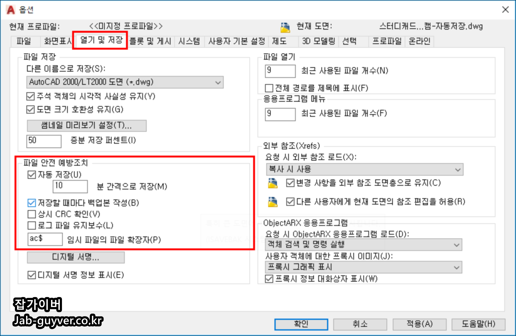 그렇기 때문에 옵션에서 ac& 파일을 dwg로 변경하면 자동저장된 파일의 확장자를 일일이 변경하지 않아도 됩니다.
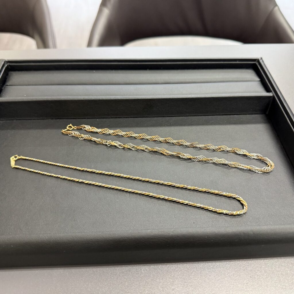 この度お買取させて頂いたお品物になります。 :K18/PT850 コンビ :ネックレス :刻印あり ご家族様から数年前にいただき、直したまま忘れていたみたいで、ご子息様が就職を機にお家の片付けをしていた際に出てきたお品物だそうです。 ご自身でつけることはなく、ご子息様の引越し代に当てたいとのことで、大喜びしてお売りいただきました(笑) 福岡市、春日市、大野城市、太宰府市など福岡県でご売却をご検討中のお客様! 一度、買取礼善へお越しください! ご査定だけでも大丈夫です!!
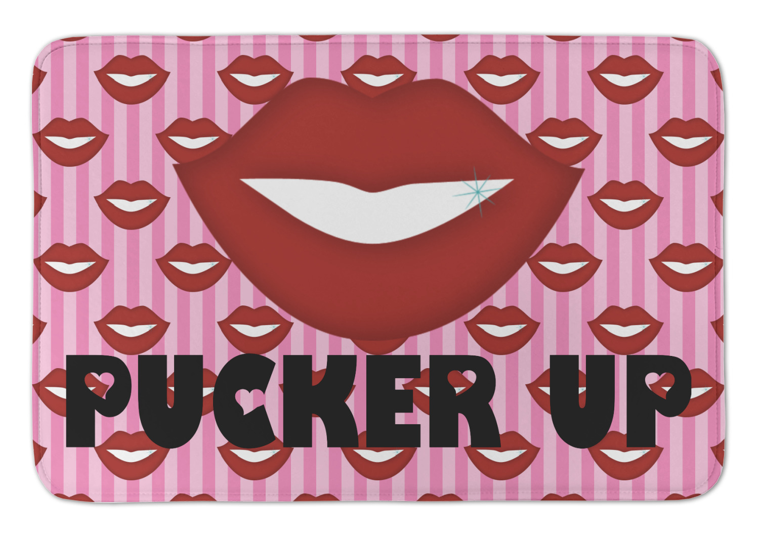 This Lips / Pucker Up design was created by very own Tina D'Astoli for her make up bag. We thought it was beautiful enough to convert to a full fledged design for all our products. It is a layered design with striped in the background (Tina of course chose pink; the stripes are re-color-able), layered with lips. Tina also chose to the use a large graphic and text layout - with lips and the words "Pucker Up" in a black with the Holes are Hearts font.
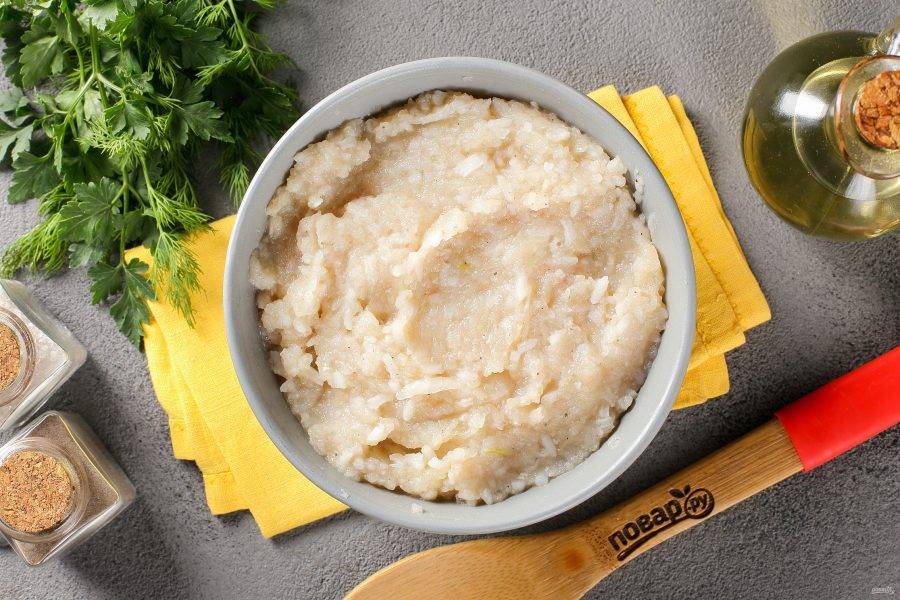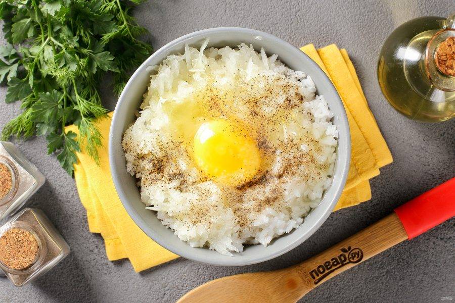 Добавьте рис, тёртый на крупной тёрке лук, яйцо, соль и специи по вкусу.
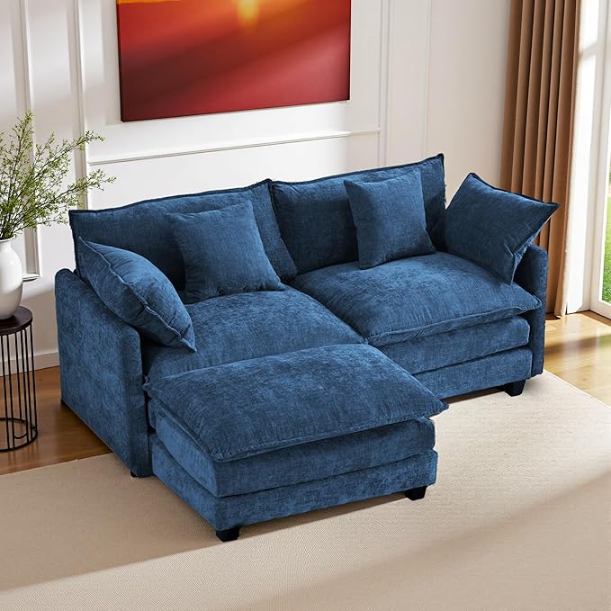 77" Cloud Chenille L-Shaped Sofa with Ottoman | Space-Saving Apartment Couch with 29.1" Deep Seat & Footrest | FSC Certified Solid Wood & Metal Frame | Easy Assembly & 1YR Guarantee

----

» Assigned task: Write all the lines above out again exactly, minus the images.

» Task response:
 그렇기 때문에 옵션에서 ac& 파일을 dwg로 변경하면 자동저장된 파일의 확장자를 일일이 변경하지 않아도 됩니다.
 この度お買取させて頂いたお品物になります。 :K18/PT850 コンビ :ネックレス :刻印あり ご家族様から数年前にいただき、直したまま忘れていたみたいで、ご子息様が就職を機にお家の片付けをしていた際に出てきたお品物だそうです。 ご自身でつけることはなく、ご子息様の引越し代に当てたいとのことで、大喜びしてお売りいただきました(笑) 福岡市、春日市、大野城市、太宰府市など福岡県でご売却をご検討中のお客様! 一度、買取礼善へお越しください! ご査定だけでも大丈夫です!!
 This Lips / Pucker Up design was created by very own Tina D'Astoli for her make up bag. We thought it was beautiful enough to convert to a full fledged design for all our products. It is a layered design with striped in the background (Tina of course chose pink; the stripes are re-color-able), layered with lips. Tina also chose to the use a large graphic and text layout - with lips and the words "Pucker Up" in a black with the Holes are Hearts font.
 Добавьте рис, тёртый на крупной тёрке лук, яйцо, соль и специи по вкусу.
 77" Cloud Chenille L-Shaped Sofa with Ottoman | Space-Saving Apartment Couch with 29.1" Deep Seat & Footrest | FSC Certified Solid Wood & Metal Frame | Easy Assembly & 1YR Guarantee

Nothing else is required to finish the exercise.